Write out, exactly and in full, the records given below, but not their pictures.
● ● ● ●
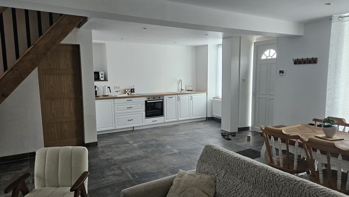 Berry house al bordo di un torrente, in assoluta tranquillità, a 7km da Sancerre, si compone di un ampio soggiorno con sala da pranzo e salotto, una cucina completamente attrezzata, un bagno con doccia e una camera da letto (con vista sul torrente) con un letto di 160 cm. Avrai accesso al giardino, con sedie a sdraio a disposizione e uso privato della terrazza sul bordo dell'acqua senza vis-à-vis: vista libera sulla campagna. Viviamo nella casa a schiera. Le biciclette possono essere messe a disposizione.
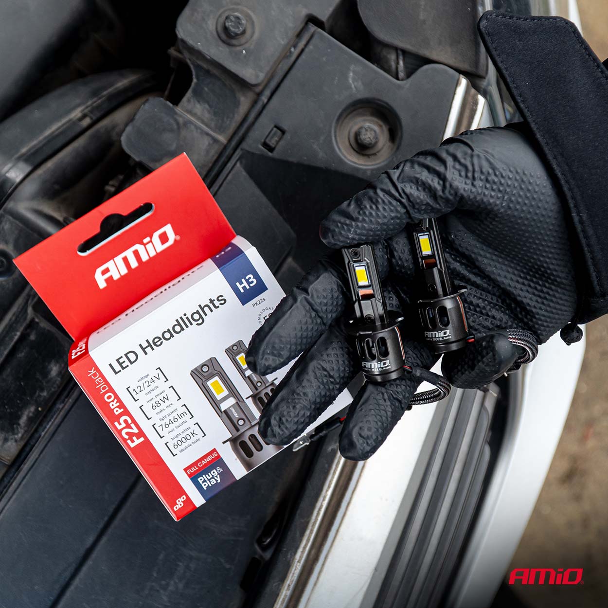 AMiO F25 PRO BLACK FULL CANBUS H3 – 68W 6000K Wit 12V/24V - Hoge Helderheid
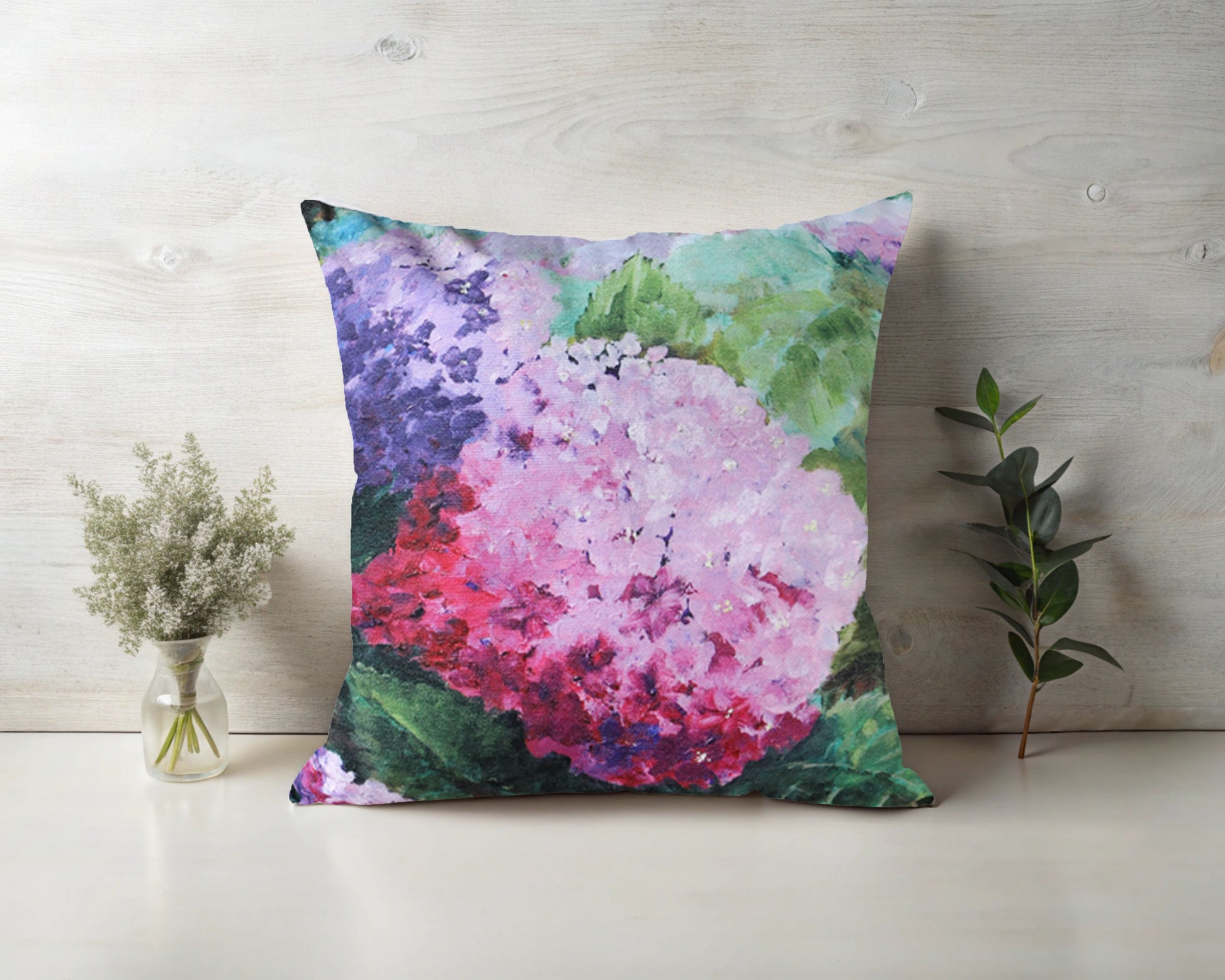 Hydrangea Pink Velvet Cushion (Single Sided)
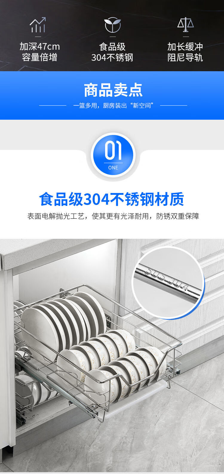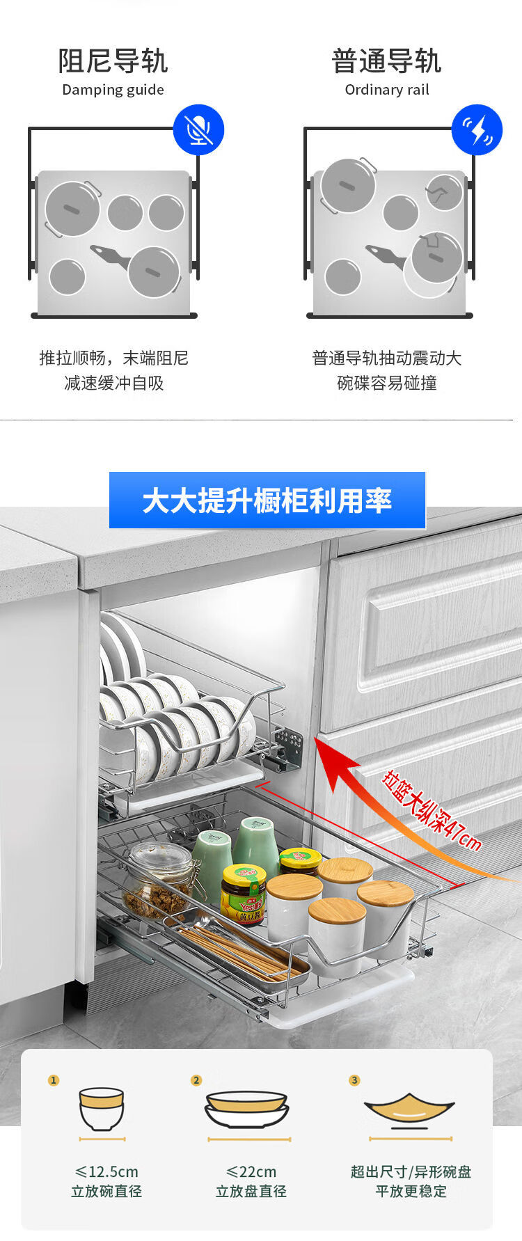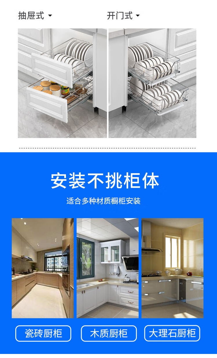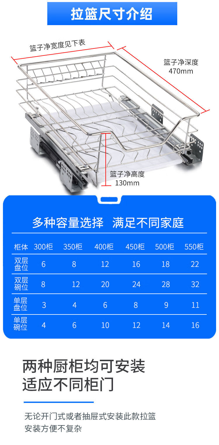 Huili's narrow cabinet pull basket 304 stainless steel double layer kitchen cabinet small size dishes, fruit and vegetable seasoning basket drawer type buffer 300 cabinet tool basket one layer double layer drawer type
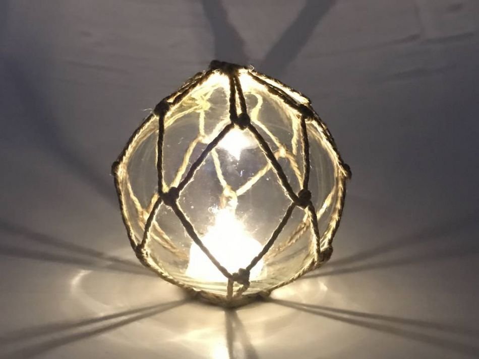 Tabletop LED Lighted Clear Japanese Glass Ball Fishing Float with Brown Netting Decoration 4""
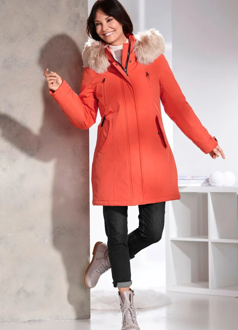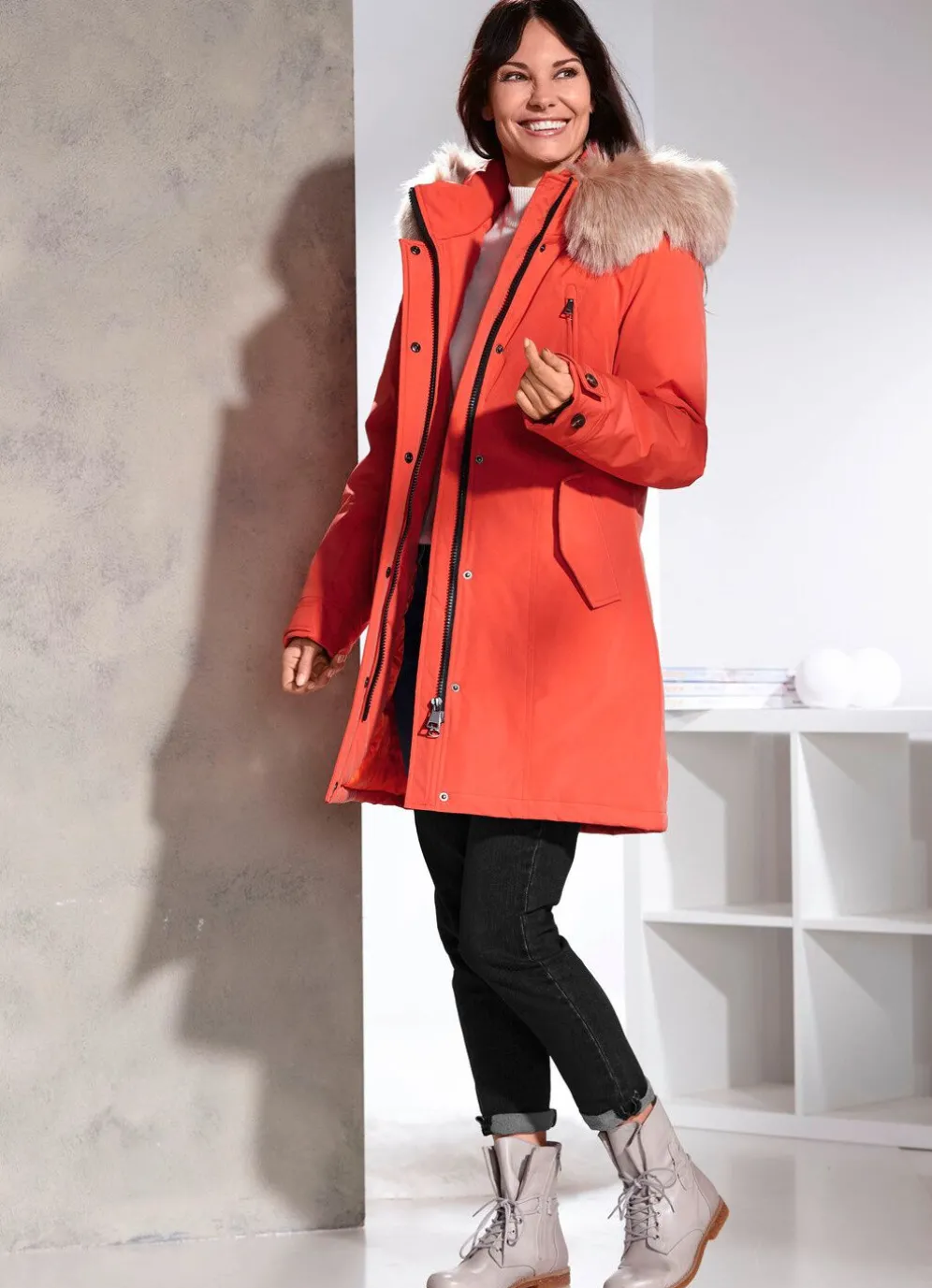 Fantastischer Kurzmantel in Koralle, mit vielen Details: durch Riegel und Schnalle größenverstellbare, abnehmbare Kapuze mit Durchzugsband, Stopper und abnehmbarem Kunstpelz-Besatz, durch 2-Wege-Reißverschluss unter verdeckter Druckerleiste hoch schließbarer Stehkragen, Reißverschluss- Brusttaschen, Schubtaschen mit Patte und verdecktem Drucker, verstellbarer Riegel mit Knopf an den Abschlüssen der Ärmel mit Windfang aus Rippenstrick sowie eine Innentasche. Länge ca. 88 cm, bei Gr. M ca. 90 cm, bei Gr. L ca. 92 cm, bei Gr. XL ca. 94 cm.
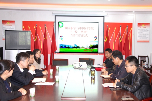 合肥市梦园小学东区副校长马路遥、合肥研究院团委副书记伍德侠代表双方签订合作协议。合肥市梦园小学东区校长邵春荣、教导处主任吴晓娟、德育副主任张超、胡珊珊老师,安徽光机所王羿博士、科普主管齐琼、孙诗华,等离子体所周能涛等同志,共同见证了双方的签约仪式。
● ● ● ●
→ **Response**
 Berry house al bordo di un torrente, in assoluta tranquillità, a 7km da Sancerre, si compone di un ampio soggiorno con sala da pranzo e salotto, una cucina completamente attrezzata, un bagno con doccia e una camera da letto (con vista sul torrente) con un letto di 160 cm. Avrai accesso al giardino, con sedie a sdraio a disposizione e uso privato della terrazza sul bordo dell'acqua senza vis-à-vis: vista libera sulla campagna. Viviamo nella casa a schiera. Le biciclette possono essere messe a disposizione.
 AMiO F25 PRO BLACK FULL CANBUS H3 – 68W 6000K Wit 12V/24V - Hoge Helderheid
 Hydrangea Pink Velvet Cushion (Single Sided)
 Huili's narrow cabinet pull basket 304 stainless steel double layer kitchen cabinet small size dishes, fruit and vegetable seasoning basket drawer type buffer 300 cabinet tool basket one layer double layer drawer type
 Tabletop LED Lighted Clear Japanese Glass Ball Fishing Float with Brown Netting Decoration 4""
 Fantastischer Kurzmantel in Koralle, mit vielen Details: durch Riegel und Schnalle größenverstellbare, abnehmbare Kapuze mit Durchzugsband, Stopper und abnehmbarem Kunstpelz-Besatz, durch 2-Wege-Reißverschluss unter verdeckter Druckerleiste hoch schließbarer Stehkragen, Reißverschluss- Brusttaschen, Schubtaschen mit Patte und verdecktem Drucker, verstellbarer Riegel mit Knopf an den Abschlüssen der Ärmel mit Windfang aus Rippenstrick sowie eine Innentasche. Länge ca. 88 cm, bei Gr. M ca. 90 cm, bei Gr. L ca. 92 cm, bei Gr. XL ca. 94 cm.
 合肥市梦园小学东区副校长马路遥、合肥研究院团委副书记伍德侠代表双方签订合作协议。合肥市梦园小学东区校长邵春荣、教导处主任吴晓娟、德育副主任张超、胡珊珊老师,安徽光机所王羿博士、科普主管齐琼、孙诗华,等离子体所周能涛等同志,共同见证了双方的签约仪式。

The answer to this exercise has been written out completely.